Everyone remembers the importance of spelling in elementary school. We lined up in front of the wall, ready to face the gauntlet known as the spelling bee. One by one, we mixed up some letters or forgot one entirely. Finally, one student was left standing and won the designation of spelling bee champion...at least for that week.
Spelling is important to us. Writing words correctly indicates some level of education as well as competence at your job. But spelling in the English language is notoriously difficult. Because the origin of English words are from so many different countries, rules in our language are almost always (frequently) broken. If words came from Latin, they maintained some of their rules while words from the French language tended to stay close to their original spellings as well.
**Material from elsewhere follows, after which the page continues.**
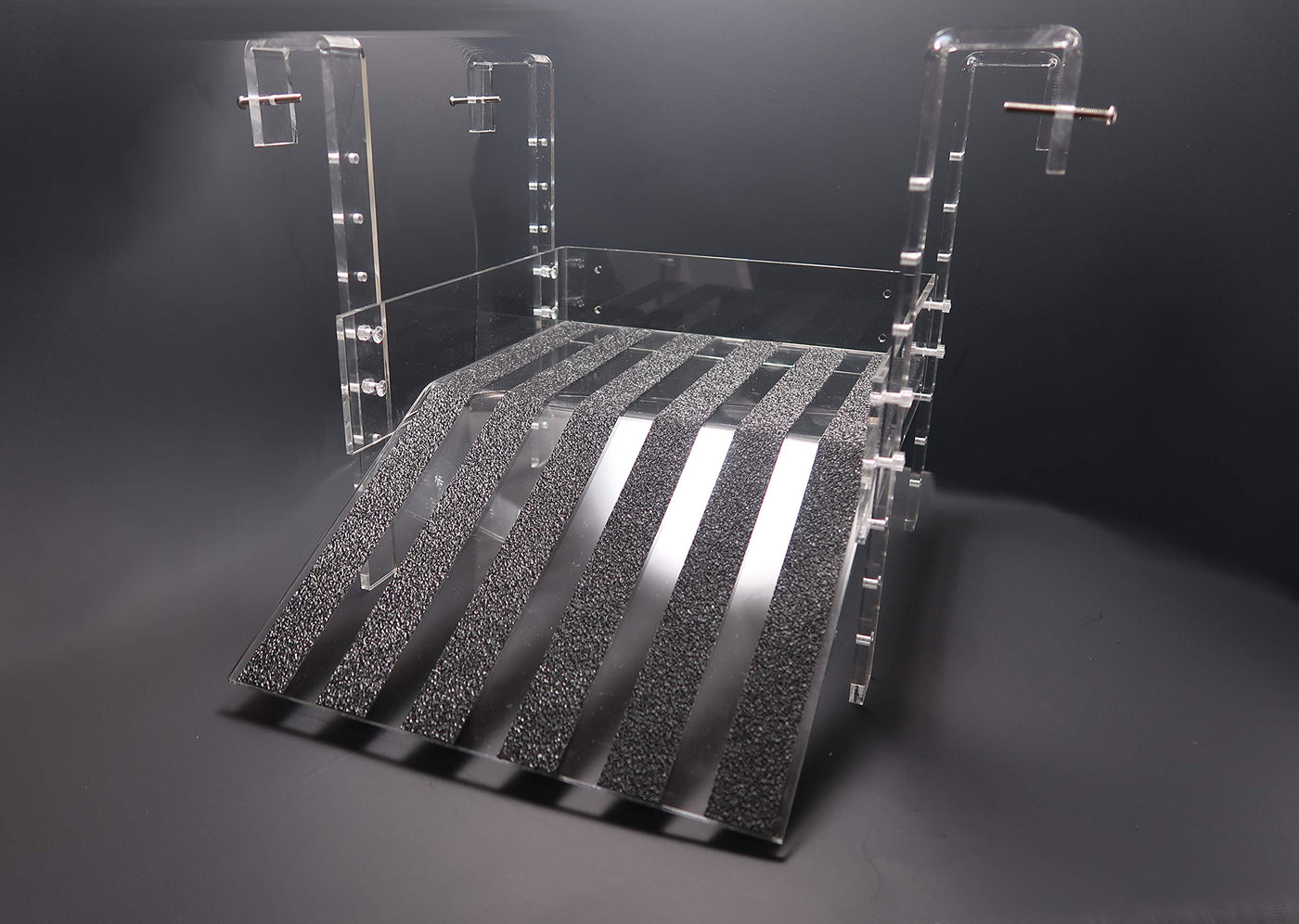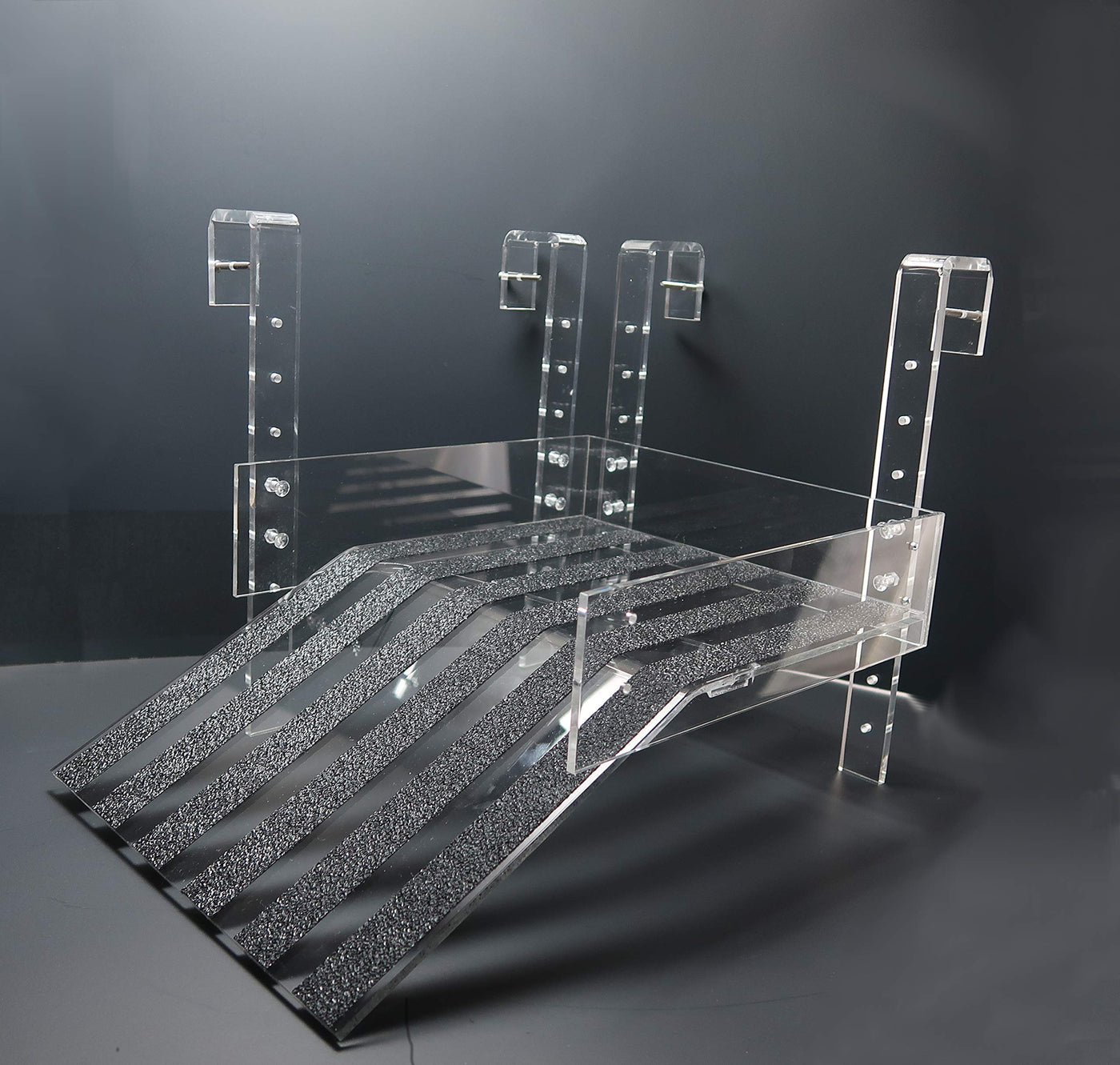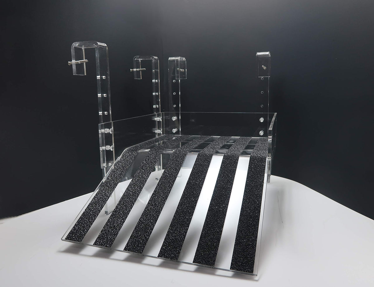 Q: How do I clean and maintain the acrylic ramp?A: The clear acrylic material of the ramp is low maintenance and can be easily cleaned with warm soapy water or an aquarium-safe cleaner, ensuring a hygienic environment for your pets.

In his newest book, Spell It Out, linguistics professor David Crystal argues that spelling is difficult for us because we are studying it the wrong way. "Why don't rules work? Partly because history has produced so many exceptions, but also because spelling has been viewed in isolation from the rest of language. Spelling, however, is an integral part of language, and its forms can be understood only if we see the way they interact with the forces that come from pronunciation, grammar and word-building. We cannot solve the problem of spelling without knowing something about how the rest of language works."
Crystal takes his readers way back into time to meet the early monks who puzzled over the best way to write down this emerging new language. Writing words phonetically proved to be very difficult, especially when words from all over the world became part of the vernacular. In short chapters, Crystal explains the history of our language and the basics of linguistics. He also utilizes examples from poetry and literature about the difficulties of spelling.
This author is not content to look at the history of spelling. He speculates about the future as well. One of the most interesting developments is the way computers and the internet are changing the way we spell. Obviously the frequent use of spell check has negated our need to really learn spelling. Perhaps more interesting is the way internet searches are normalizing alternative spellings. If a large number of people "vote with their fingers," as Crystal puts it, and type something incorrectly into a search engine, does it become an accepted spelling?
Crystal argues that we do a disservice to children and those attempting to learn English spelling for the first time when we present them with long lists of words or columns of words that follow the rules contrasted with those that are exceptions. Instead, if we teach new spellers the way that our spelling evolved, spelling will become more intuitive and less of a confusing chore. This is a great resource for anyone who teaches spelling, either to children or to people learning English as another language.
This delightful author manages to be both light and in-depth as he explores what is obviously one of his favorite topics. This book is often chuckle-out-loud funny. (I know - you don't want to explain that you are laughing about spelling...but you will.) If you have any interest in the way English spelling came to be and how it has evolved, this is a book you won't want to miss.